_WORK ORDER_
Every line of the data below should be repeated exactly, and no picture should be copied.

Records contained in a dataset
[Start of Attachment]

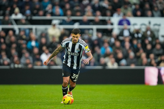 Bruno Guimaraes of Newcastle United takes a free kick during the Premier League match Newcastle United vs Chelsea at St. James's Park, Newcastle, United Kingdom, 20th December 2025, Credit:Maynard Manyowa/News Images / Avalon
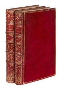 La Henriade. Paris, Veuve Duchesne, Saillant, Desaint, Panckoucke et Nyon, [1769]-1770. 2 volumes in-8, triple filet, dos orné, dentelle intérieure, tranches dorées, étui (Reliure de l'époque). Premier tirage de cette remarquable illustration de Charles Eisen, comprenant un frontispice, un titre gravé avec le portrait de l'auteur, 10 figures hors texte et 10 vignettes, le tout gravé en taille-douce par de Longueil d'après Eisen.
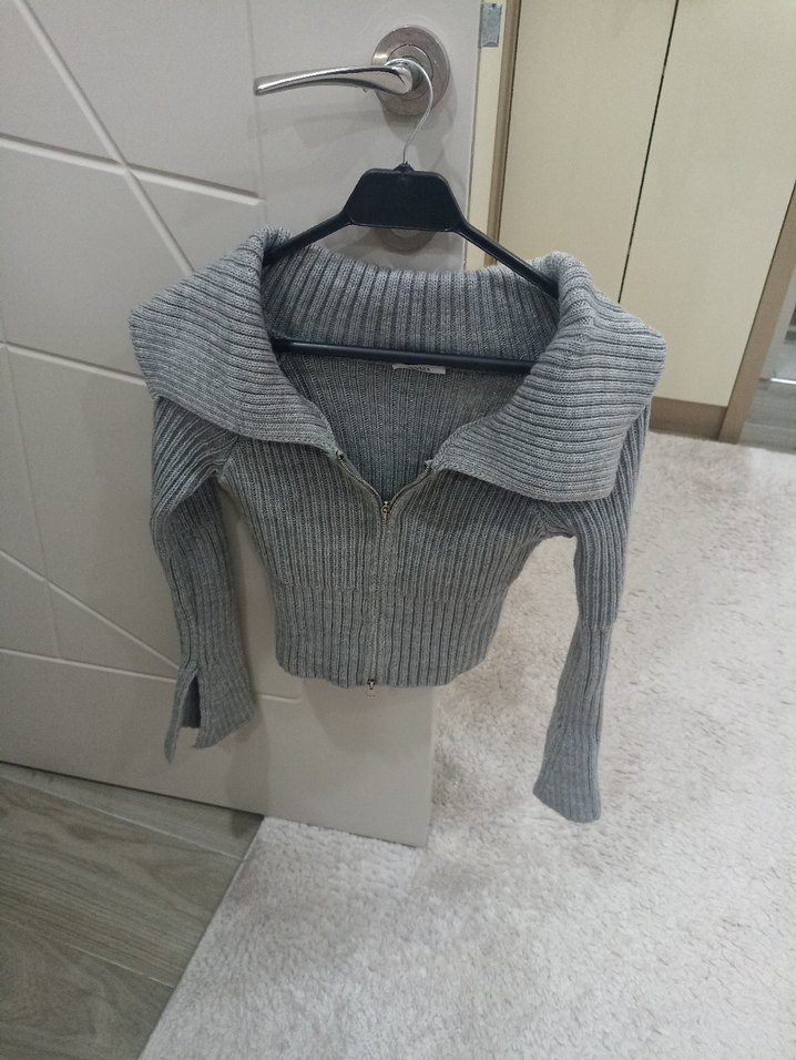 Geniş yakalı, yarım fermuarlı gri örgü kazak. Uzun fitted kollu ve kısa boylu, rahat ve şık günlük kullanım için idealdir.
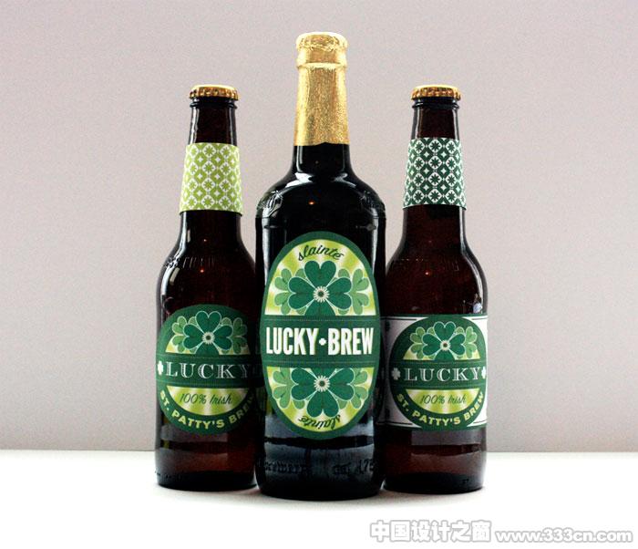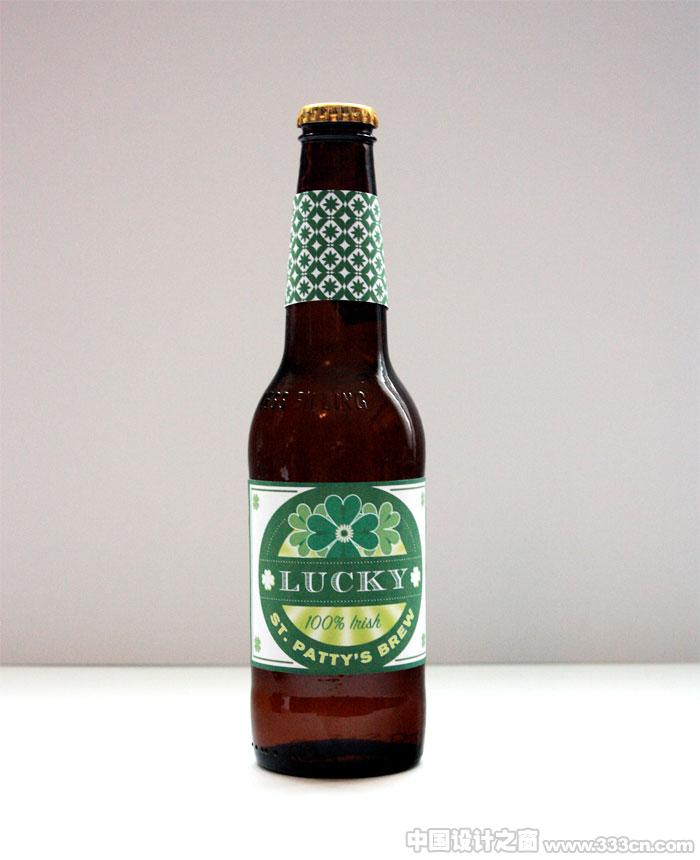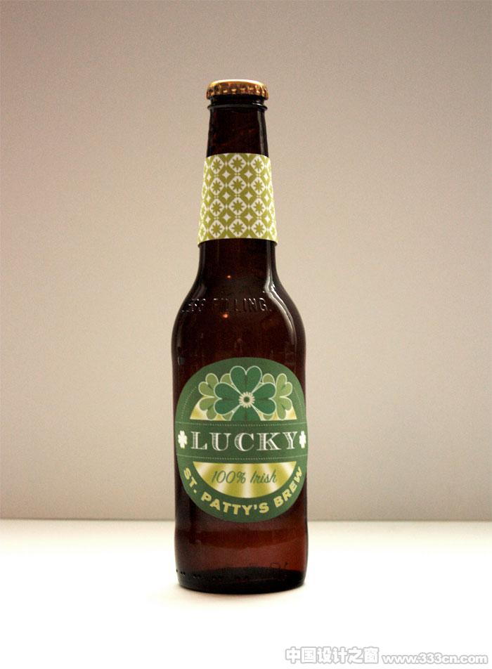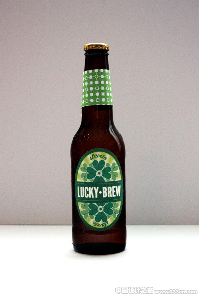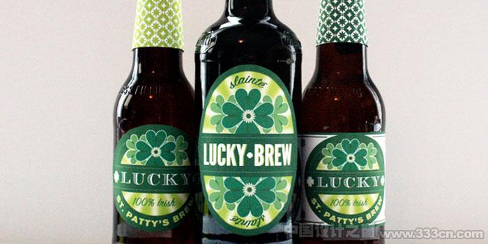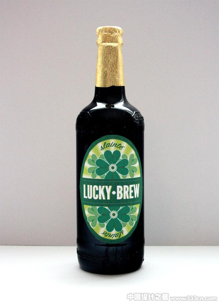 设计师Rachel Wiles at 为自己喜爱的啤酒:Lucky·Brew设计的瓶装帖样式。
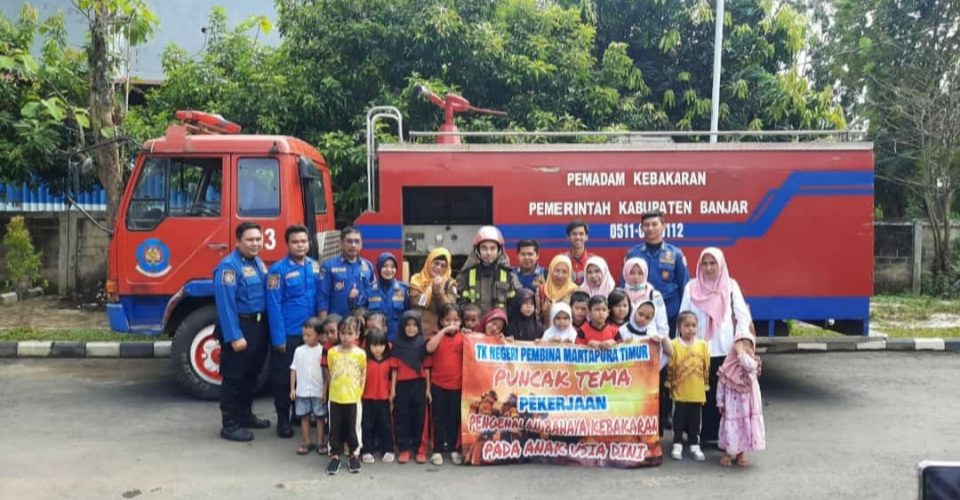 Hal ini membuat Dinas Pemadam Kebakaran dan Penyelamatan (DPKP) Kabupaten Banjar melaksanakan edukasi pelatihan Keselamatan dan Kesehatan Kerja (K3), Pencegahan dan Penanggulangan Kebakaran kepada anak anak TK Negeri Pembina Martapura Timur, di Halaman Kantornya, Selasa (14/6/2022).
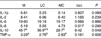 Table 5 Effect of the maintenance (M), low-carbohydrate (LC) and medium-carbohydrate (MC) diets on plasma inflammatory markers (pg/ml) in twelve volunteers

[End of Attachment]

_EXERCISE ANSWER_
 Bruno Guimaraes of Newcastle United takes a free kick during the Premier League match Newcastle United vs Chelsea at St. James's Park, Newcastle, United Kingdom, 20th December 2025, Credit:Maynard Manyowa/News Images / Avalon
 La Henriade. Paris, Veuve Duchesne, Saillant, Desaint, Panckoucke et Nyon, [1769]-1770. 2 volumes in-8, triple filet, dos orné, dentelle intérieure, tranches dorées, étui (Reliure de l'époque). Premier tirage de cette remarquable illustration de Charles Eisen, comprenant un frontispice, un titre gravé avec le portrait de l'auteur, 10 figures hors texte et 10 vignettes, le tout gravé en taille-douce par de Longueil d'après Eisen.
 Geniş yakalı, yarım fermuarlı gri örgü kazak. Uzun fitted kollu ve kısa boylu, rahat ve şık günlük kullanım için idealdir.
 设计师Rachel Wiles at 为自己喜爱的啤酒:Lucky·Brew设计的瓶装帖样式。
 Hal ini membuat Dinas Pemadam Kebakaran dan Penyelamatan (DPKP) Kabupaten Banjar melaksanakan edukasi pelatihan Keselamatan dan Kesehatan Kerja (K3), Pencegahan dan Penanggulangan Kebakaran kepada anak anak TK Negeri Pembina Martapura Timur, di Halaman Kantornya, Selasa (14/6/2022).
 Table 5 Effect of the maintenance (M), low-carbohydrate (LC) and medium-carbohydrate (MC) diets on plasma inflammatory markers (pg/ml) in twelve volunteers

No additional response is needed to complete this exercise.